__TASK BRIEF__: Write out each record exactly as it stands. No pictures belong in the copy.

__Data excerpts__:
- Opening Delimiter -
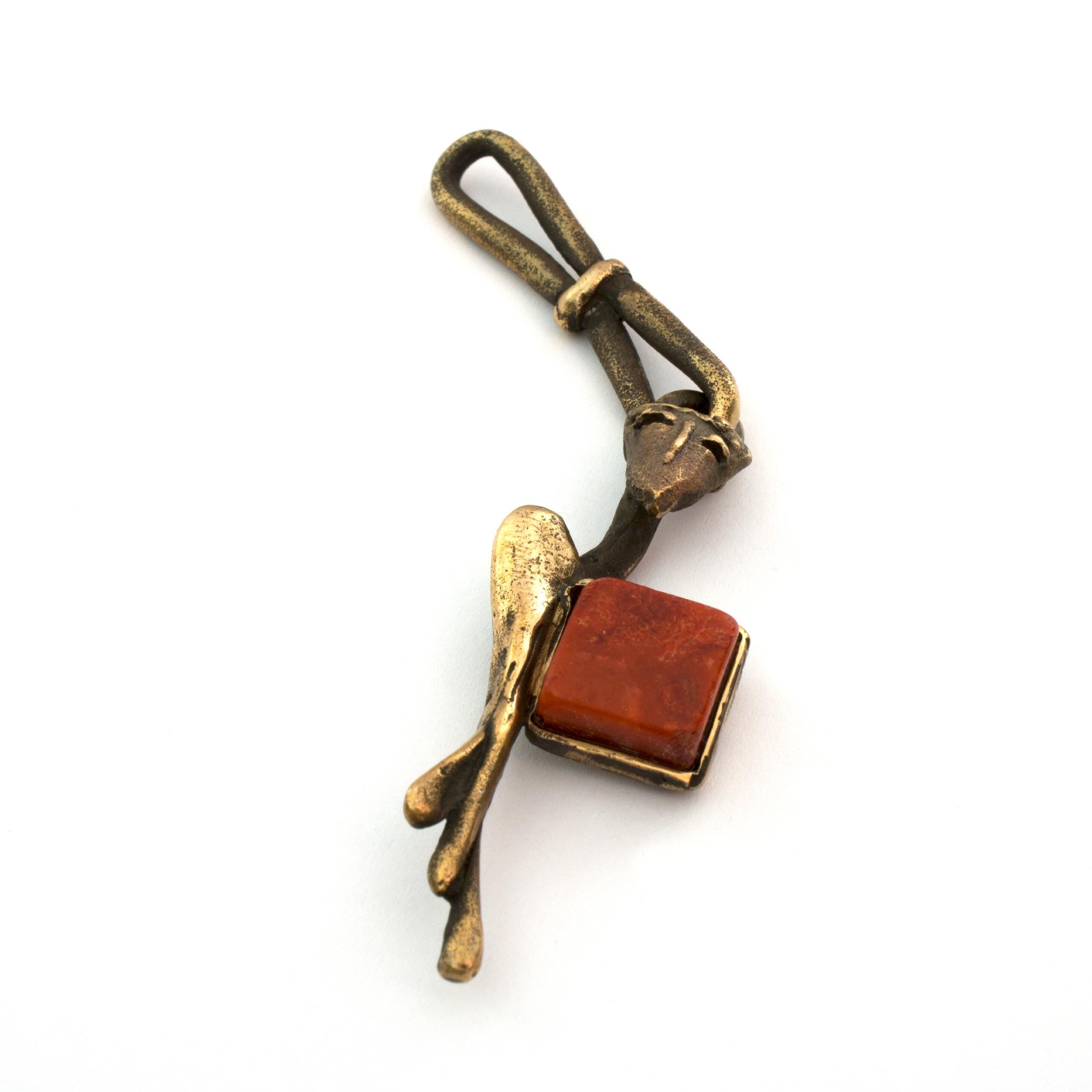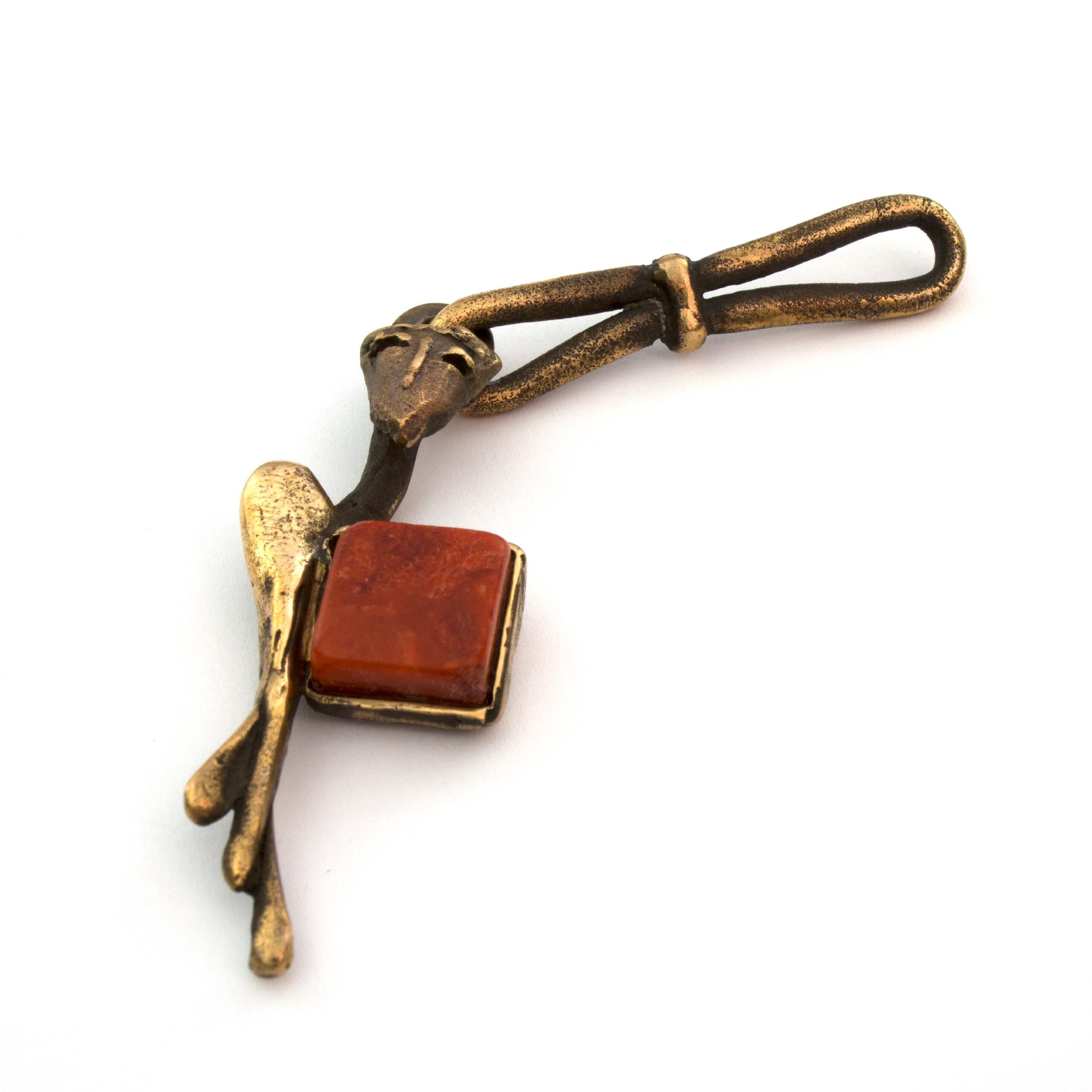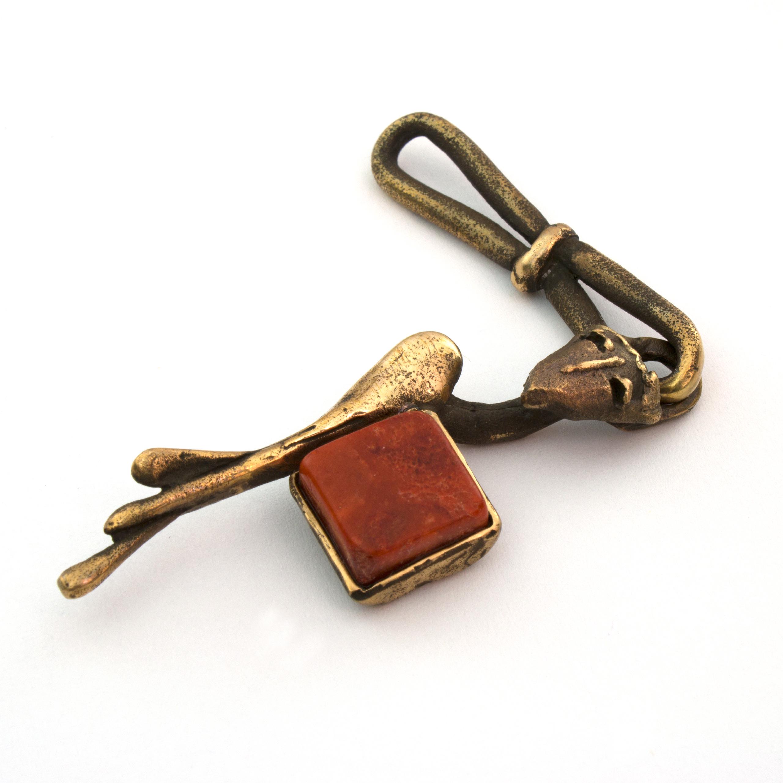 Elegant bronze keychain pendant featuring an angel motif with natural coral by Vojtěška Vlčková. This exclusive art piece combines traditional craftsmanship with timeless design. Every detail reflects the author's mastery and the uniqueness of handmade work.
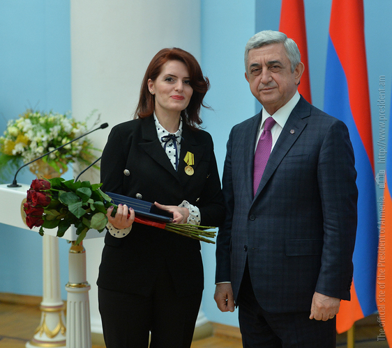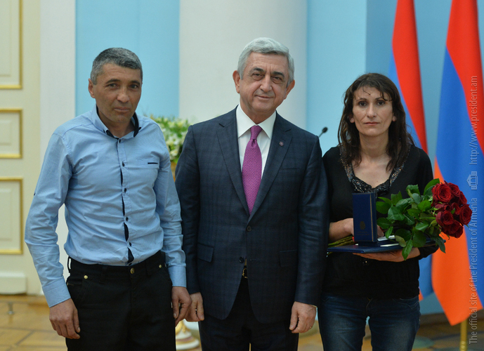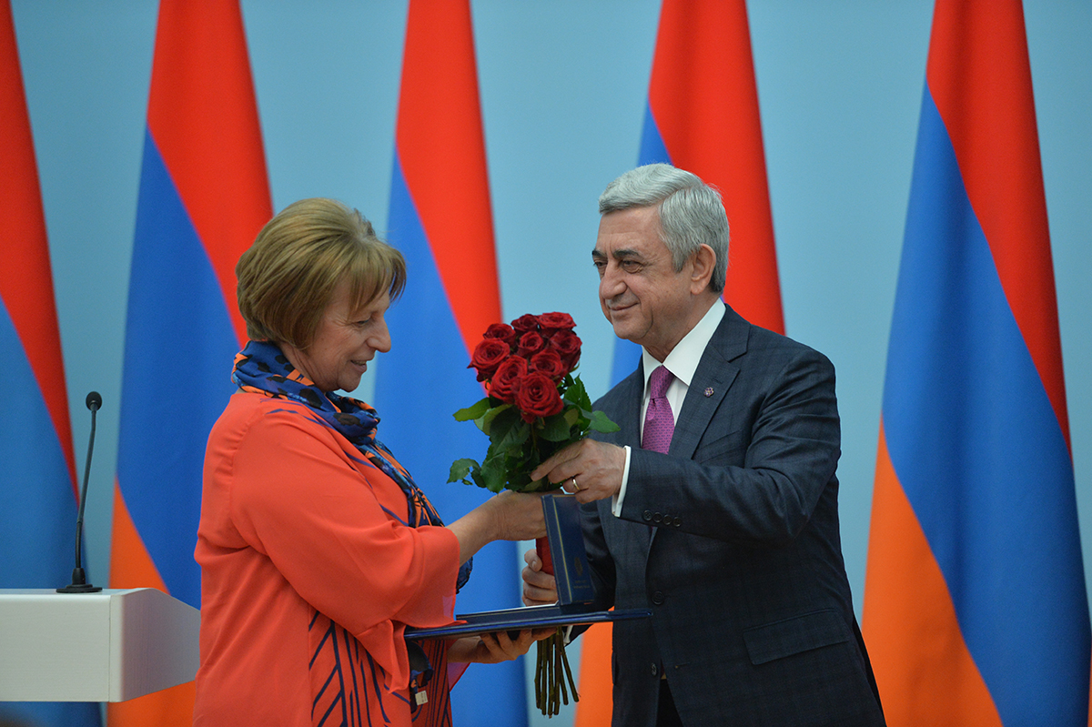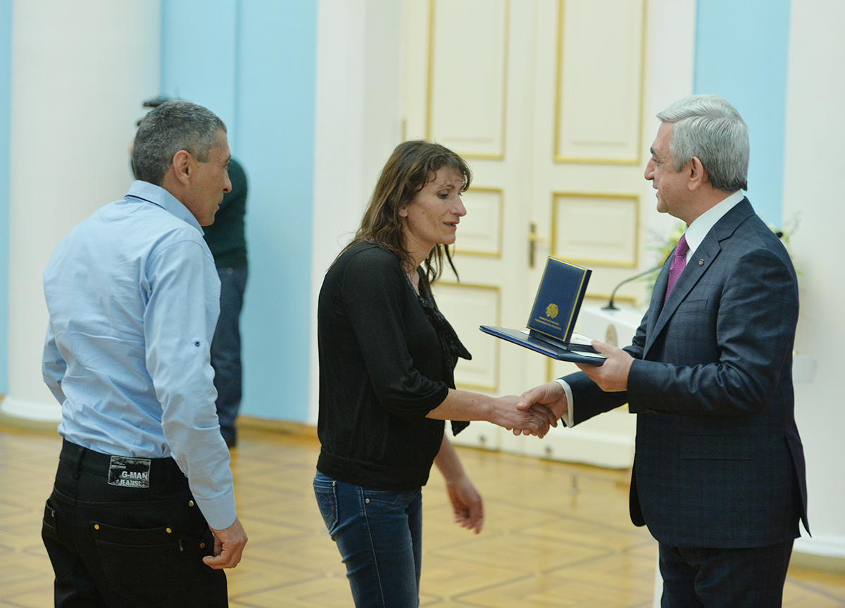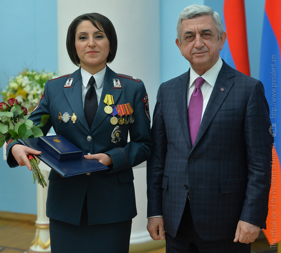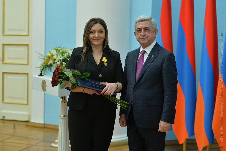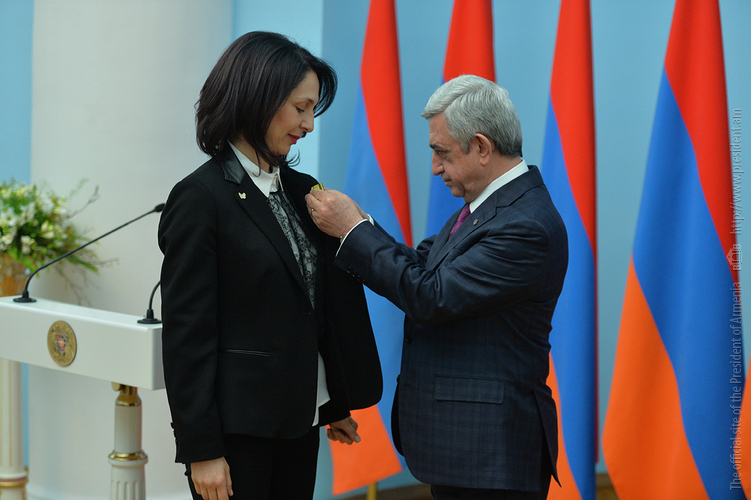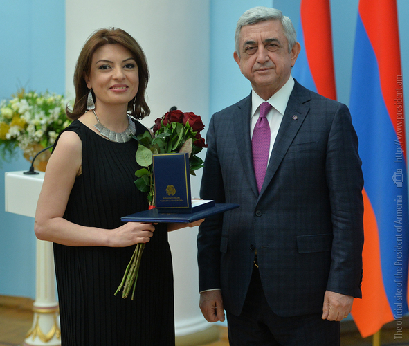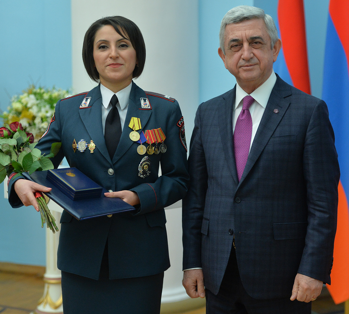 Накануне Женского праздника Президент Серж Саргсян и госпожа Рита Саргсян сегодня в резиденции Президента принимали группу женщин, которые внесли свой вклад в различные сферы, отличились эффективным и добросовестным трудом, а также многодетных родителей. Президент Республики поздравил участников встречи и в их лице всех женщин Республики с наступающим праздником. Президент также поощрил высокими государственными наградами приглашённых в резиденцию женщин, а многодетным матерям за большой вклад в становление и укрепление семьи, обеспечение детям полноценного и гармоничного физического, духовного и нравственного развития наградил медалью Родительской славы, а также поощрил денежными премиями.
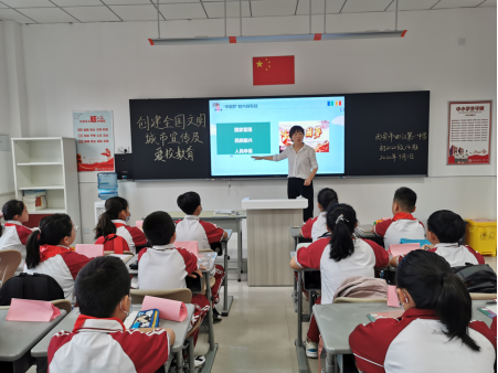 早上7:40,全校同学身着校服,有序进班。初一年级、高一年级各班召开“创建全国文明城市知识宣传、爱校教育主题班会”。通过主题班会活动,曲一学子了解“创文”知识、关爱城市家园。同学们参与到创文的行列中,共创“文明校园”,为创建文明城市添砖加瓦。同时,学校还利用主题班会对初一、高一年级学生进行爱校教育,让曲一新生了解校园活动和校园文化,尽快的融入到曲江一中的大家庭。
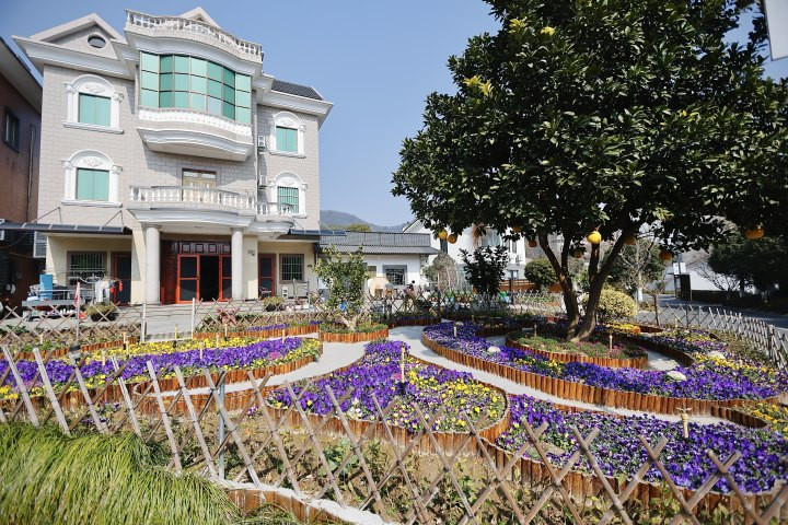 他家的庭院,用篱笆笆围着,培育着蝴蝶兰、龙井茶、香泡等植物。花圃的硬化是客岁作念的,还有效木桩子砌出的元宝和铜钱体式的花池,林世寿每天起床就给花池浇水、拔杂草。
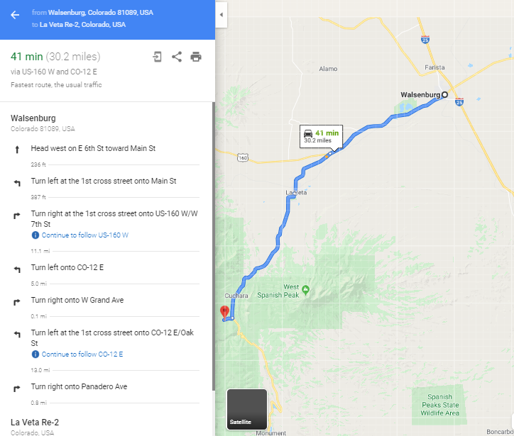 Directions to Property from Walsenburg, CO
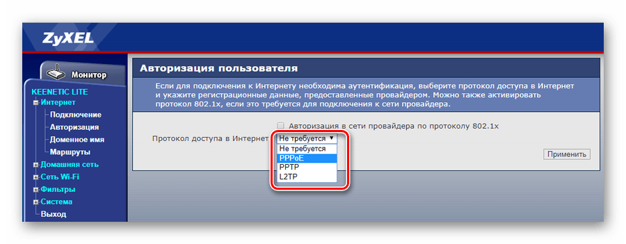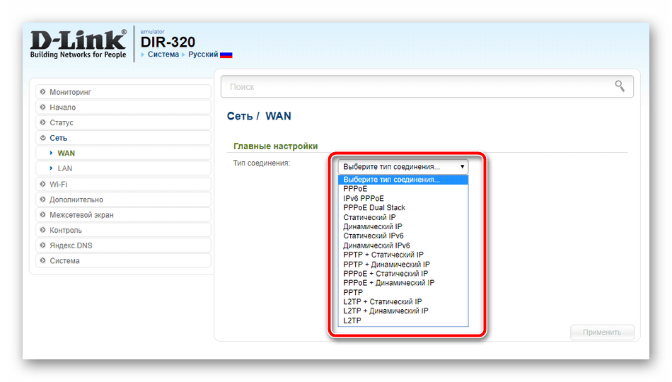 Выбираем в правой части нужный тип подключения. Чаще всего это PPPoE.
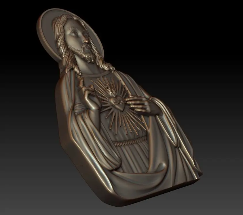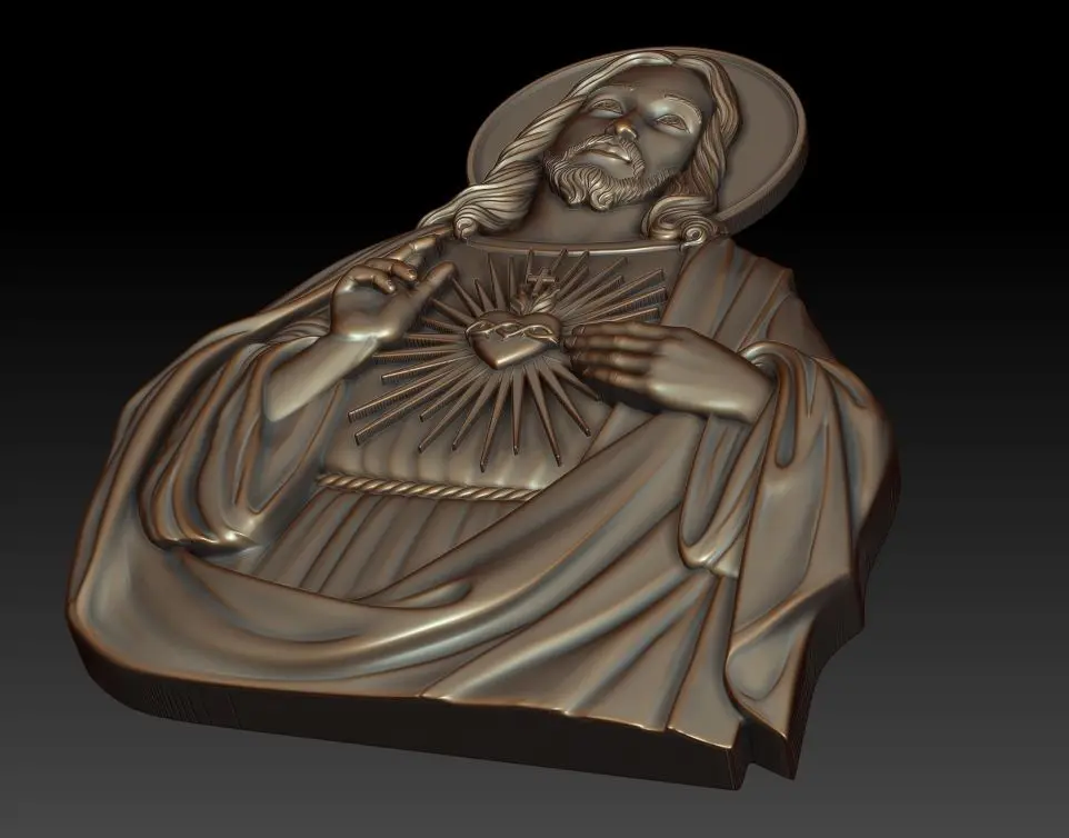 Sacred Heart of Jesus 3d model. 3d relief for cnc-sistems and 3d printing. Can be used in the production of souvenirs, furniture, jewelry. Files in stl format, for import to artcam, rhinoceros, 3ds max, etc. You can scale the model to any size you need.
- Closing Delimiter -
__THE COMPLETED TASK__:
 Elegant bronze keychain pendant featuring an angel motif with natural coral by Vojtěška Vlčková. This exclusive art piece combines traditional craftsmanship with timeless design. Every detail reflects the author's mastery and the uniqueness of handmade work.
 Накануне Женского праздника Президент Серж Саргсян и госпожа Рита Саргсян сегодня в резиденции Президента принимали группу женщин, которые внесли свой вклад в различные сферы, отличились эффективным и добросовестным трудом, а также многодетных родителей. Президент Республики поздравил участников встречи и в их лице всех женщин Республики с наступающим праздником. Президент также поощрил высокими государственными наградами приглашённых в резиденцию женщин, а многодетным матерям за большой вклад в становление и укрепление семьи, обеспечение детям полноценного и гармоничного физического, духовного и нравственного развития наградил медалью Родительской славы, а также поощрил денежными премиями.
 早上7:40,全校同学身着校服,有序进班。初一年级、高一年级各班召开“创建全国文明城市知识宣传、爱校教育主题班会”。通过主题班会活动,曲一学子了解“创文”知识、关爱城市家园。同学们参与到创文的行列中,共创“文明校园”,为创建文明城市添砖加瓦。同时,学校还利用主题班会对初一、高一年级学生进行爱校教育,让曲一新生了解校园活动和校园文化,尽快的融入到曲江一中的大家庭。
 他家的庭院,用篱笆笆围着,培育着蝴蝶兰、龙井茶、香泡等植物。花圃的硬化是客岁作念的,还有效木桩子砌出的元宝和铜钱体式的花池,林世寿每天起床就给花池浇水、拔杂草。
 Directions to Property from Walsenburg, CO
 Выбираем в правой части нужный тип подключения. Чаще всего это PPPoE.
 Sacred Heart of Jesus 3d model. 3d relief for cnc-sistems and 3d printing. Can be used in the production of souvenirs, furniture, jewelry. Files in stl format, for import to artcam, rhinoceros, 3ds max, etc. You can scale the model to any size you need.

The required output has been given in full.